WeekendPost understands that NDB is sourcing its funds from BIFM Capital, Barclays Bank and First National Bank Botswana (FNBB) at an interest rate of 8.5 percent, and 9.5 percent for BIFM capital. This, according to the bank, is brought about by the verity that government has stopped issuing bonds to the bank, forcing it to find alternative funding avenues.


It has merged that most of committee members are sympathetic to NDB and are determined to make a case in their favour before parliament. Parliament has the authority to authorise government spending and has in the past approved bailing out of several public enterprises which were struggling financially. Though NDB was at one point making profit, it does not get subvention from government on annual basis despite the bank being a development bank.


In 2016, NDB requested government to inject capital amounting to about P1 billion in the next three years in order to transform the bank and prepare it for commercialisation.  Last year, it was offered P400 million by government, P100 million of it being a grant while the remaining P300 million was a loan.

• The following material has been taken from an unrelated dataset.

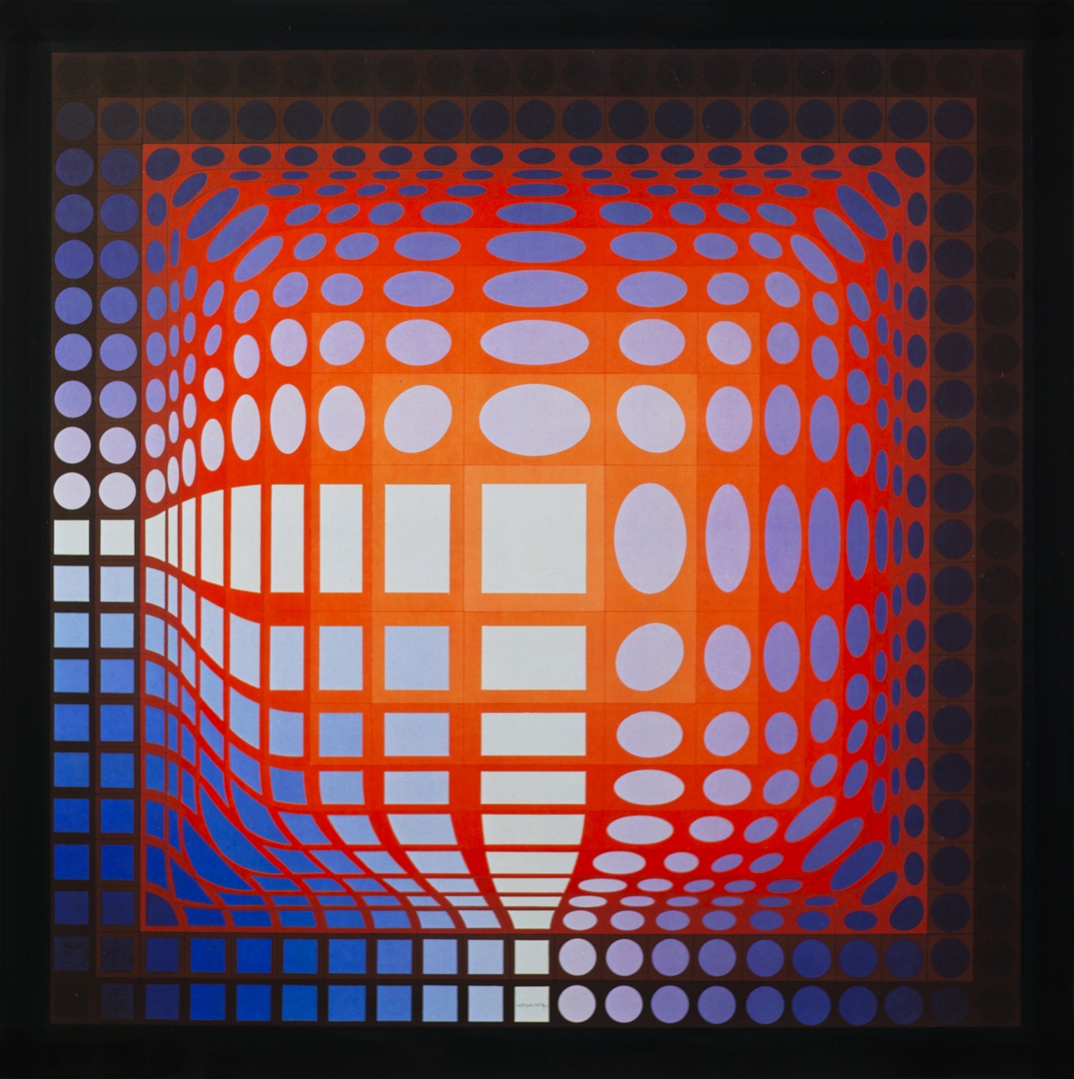 Victor Vasarely est un artiste franco-hongrois considéré comme étant à l’origine du mouvement Op Art ou art optique, que Bridget Riley et Yaacov Agam vont rejoindre. Les peintures et sculptures de Vasarely utilise des formes géométriques et des graphismes colorés pour créer des illusions de profondeur spatiale sur des surfaces à deux dimensions. Cette méthode abstraite de peinture, aussi connue sous le nom d’art cinétique, emprunte aux principes du Bauhaus, de Wassily Kandinsky et du constructivisme, ce qui aura un grand impact sur son travail. Né Vásárhelyi Gyozo le 9 avril 1906 à Pécs en Hongrie, l’artiste étudie d’abord la médecine, puis se tourne vers la peinture deux ans plus tard. Vasarely fréquente la branche hongroise du Bauhaus (Muhely) à Budapest à la fin des années 1920. Après s’être installé à Paris en 1930, Vasarely travaille en tant qu’artiste graphique et développe sa pratique de l’art abstrait géométrique. Il vit et travaille à Paris jusqu’à sa mort à l’âge de 90 ans le 15 mars 1997.

As per Chief Executive Officer of the Bank, Lorato Morapedi’s statement before the parliamentary committee on Statutory Bodies and Enterprises in 2016, NDB wanted government to inject P400 million in the next financial year [2017], followed by two government guaranteed loans of P165 million and P250 million in subsequent years.


Due to the financial crisis that the bank found itself in, management recently took a decision to retrench some of its employees to minimize the costs. Already, NDB staff has been informed of management’s intentions to retrench, with letters scheduled to be handed from the 21st-24TH May 2018.


NDB is one of the quasi-government institutions that have been put up for privatisation, with Botswana Telecommunication Corporation (BTC) having successfully gone through the process. It is expected that, like the BTC, government will retain 51 percent shareholding in the company, while 5 percent is offered to employees, with the rest of the shareholding being offered to the public. However, there has been debate both within and outside NDB with regard to whether the bank is in a state to be commercialised. Some school of thought is that in its current state, government would be either giving it away or nobody will show interest in its stock, hence the need to recapitalise the bank.